▶ Problem
With the pictures left out, restate exactly the part below that opens with the line containing "每个连接对于接收响应来说都以" and closes with the line containing "Accessibility Global would".

▶ Provided material
----
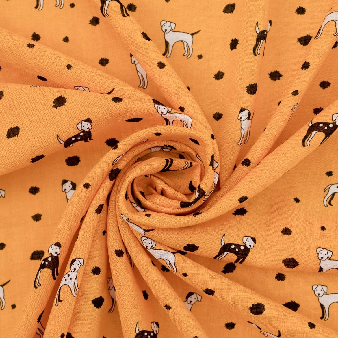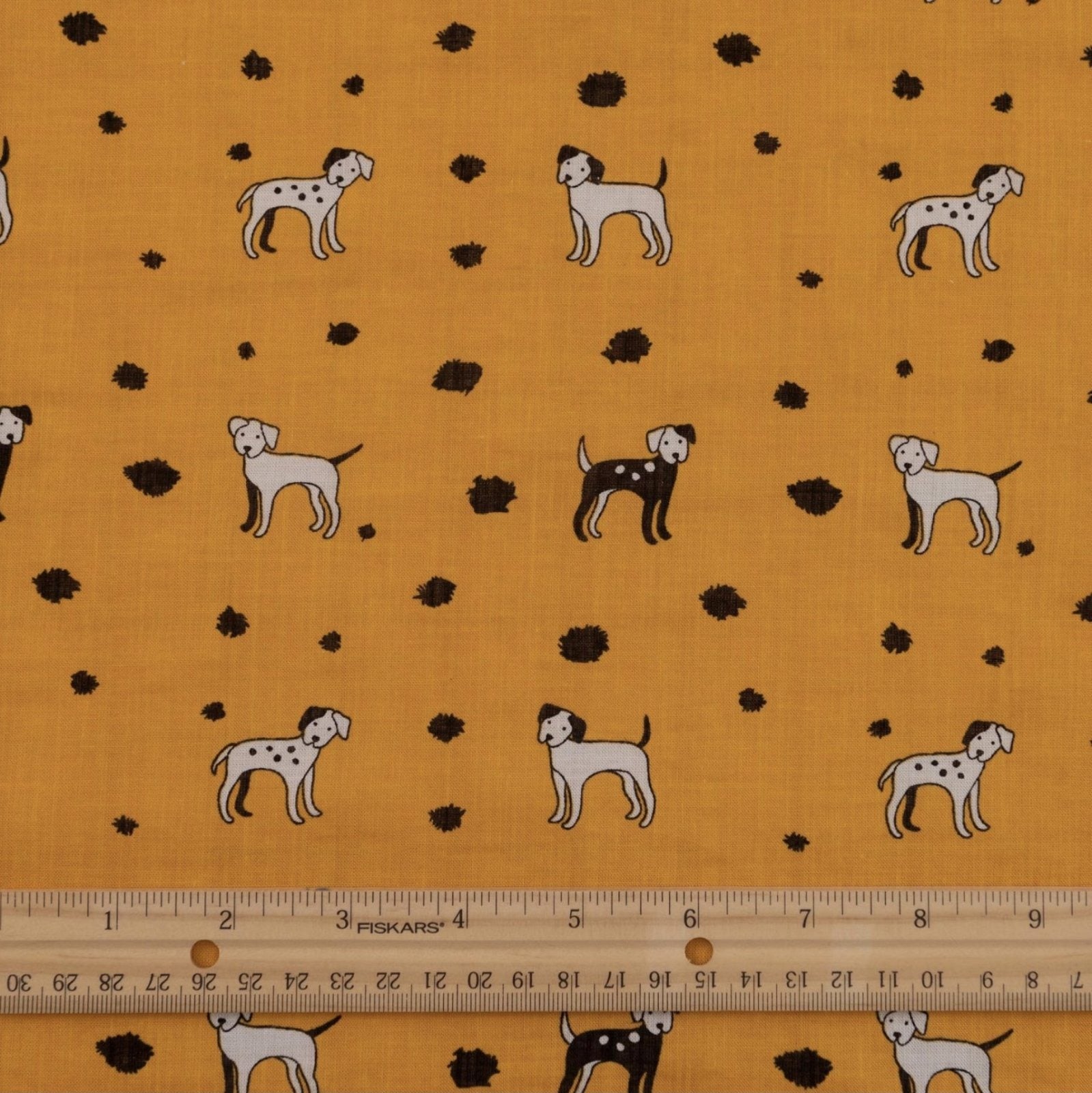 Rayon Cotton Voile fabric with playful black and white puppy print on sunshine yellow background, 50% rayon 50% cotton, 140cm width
----
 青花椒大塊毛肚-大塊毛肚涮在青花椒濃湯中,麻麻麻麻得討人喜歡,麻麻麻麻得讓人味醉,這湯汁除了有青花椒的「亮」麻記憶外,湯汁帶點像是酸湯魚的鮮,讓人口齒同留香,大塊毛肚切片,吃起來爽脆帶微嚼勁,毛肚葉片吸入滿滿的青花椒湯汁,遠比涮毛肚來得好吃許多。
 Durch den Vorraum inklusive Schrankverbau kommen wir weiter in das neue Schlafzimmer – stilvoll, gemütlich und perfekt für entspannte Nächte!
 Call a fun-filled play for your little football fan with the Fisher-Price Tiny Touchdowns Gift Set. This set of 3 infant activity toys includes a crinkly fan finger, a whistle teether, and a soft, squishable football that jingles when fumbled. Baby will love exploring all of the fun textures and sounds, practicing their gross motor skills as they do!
----
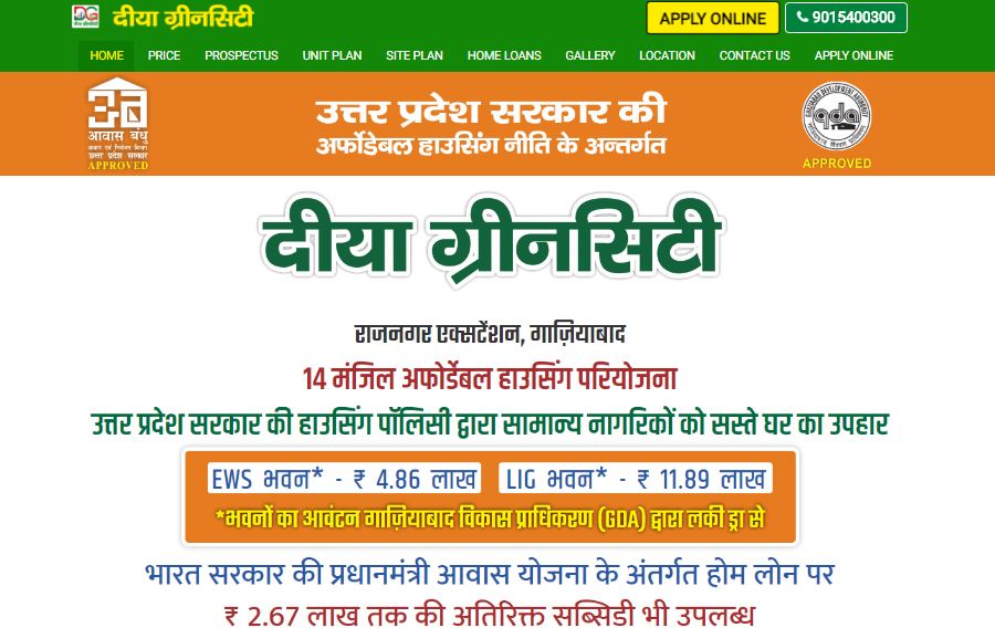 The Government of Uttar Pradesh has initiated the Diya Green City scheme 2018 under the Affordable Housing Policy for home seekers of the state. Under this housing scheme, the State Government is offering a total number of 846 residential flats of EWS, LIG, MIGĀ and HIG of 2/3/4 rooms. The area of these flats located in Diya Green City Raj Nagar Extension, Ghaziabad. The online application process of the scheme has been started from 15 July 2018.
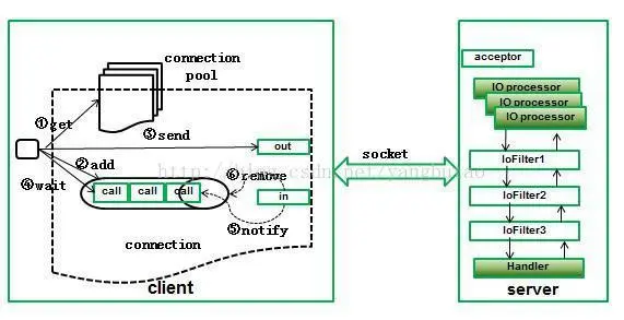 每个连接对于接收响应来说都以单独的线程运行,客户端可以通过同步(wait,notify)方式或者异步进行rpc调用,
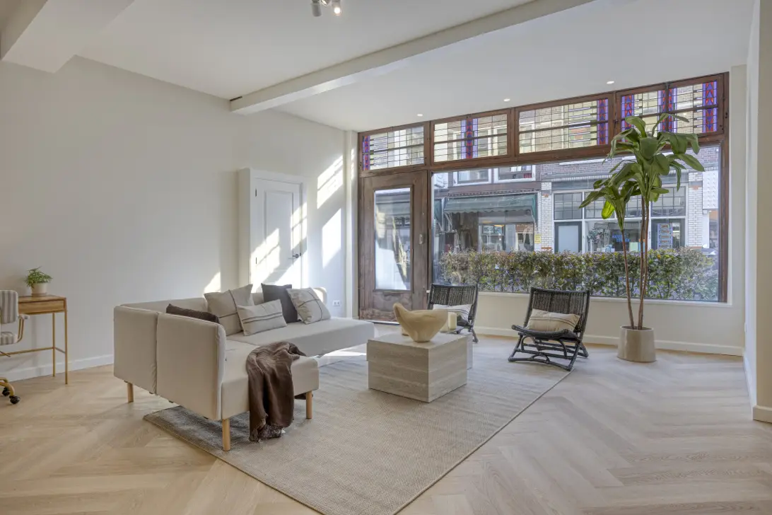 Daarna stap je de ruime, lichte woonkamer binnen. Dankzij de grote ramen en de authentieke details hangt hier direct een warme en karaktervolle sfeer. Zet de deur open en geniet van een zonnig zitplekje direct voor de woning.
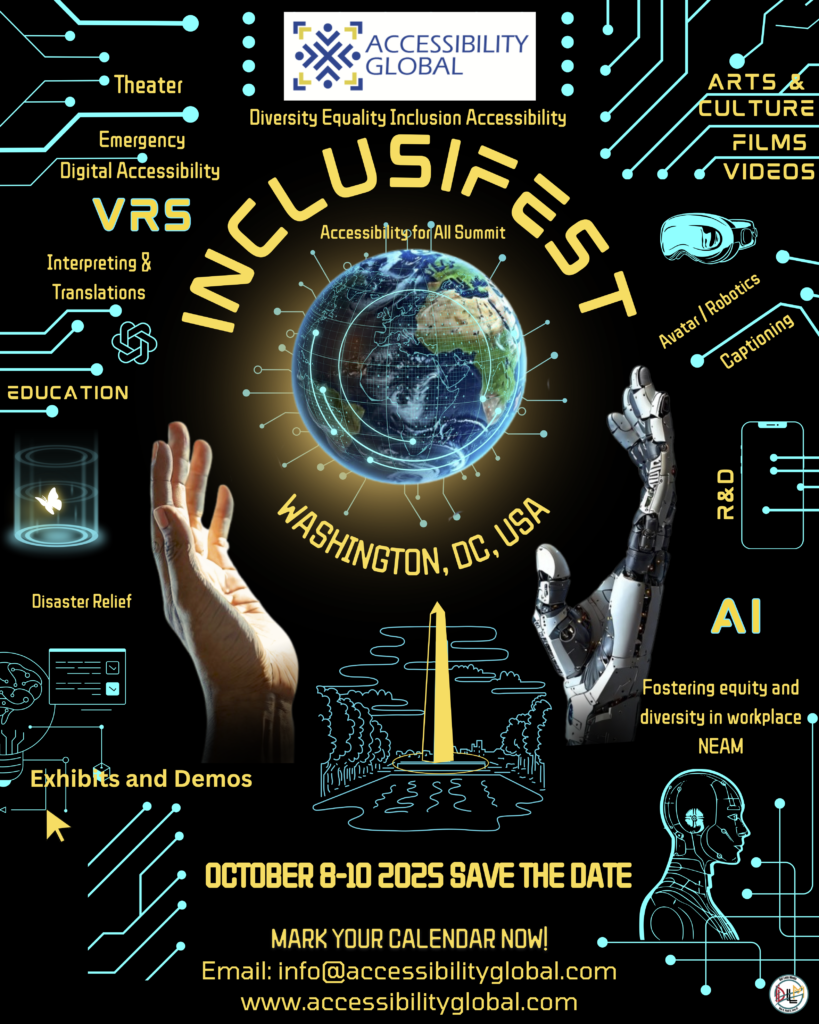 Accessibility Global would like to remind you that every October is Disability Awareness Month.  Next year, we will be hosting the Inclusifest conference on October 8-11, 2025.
----
▶ Solved problem
 每个连接对于接收响应来说都以单独的线程运行,客户端可以通过同步(wait,notify)方式或者异步进行rpc调用,
 Daarna stap je de ruime, lichte woonkamer binnen. Dankzij de grote ramen en de authentieke details hangt hier direct een warme en karaktervolle sfeer. Zet de deur open en geniet van een zonnig zitplekje direct voor de woning.
 Accessibility Global would like to remind you that every October is Disability Awareness Month.  Next year, we will be hosting the Inclusifest conference on October 8-11, 2025.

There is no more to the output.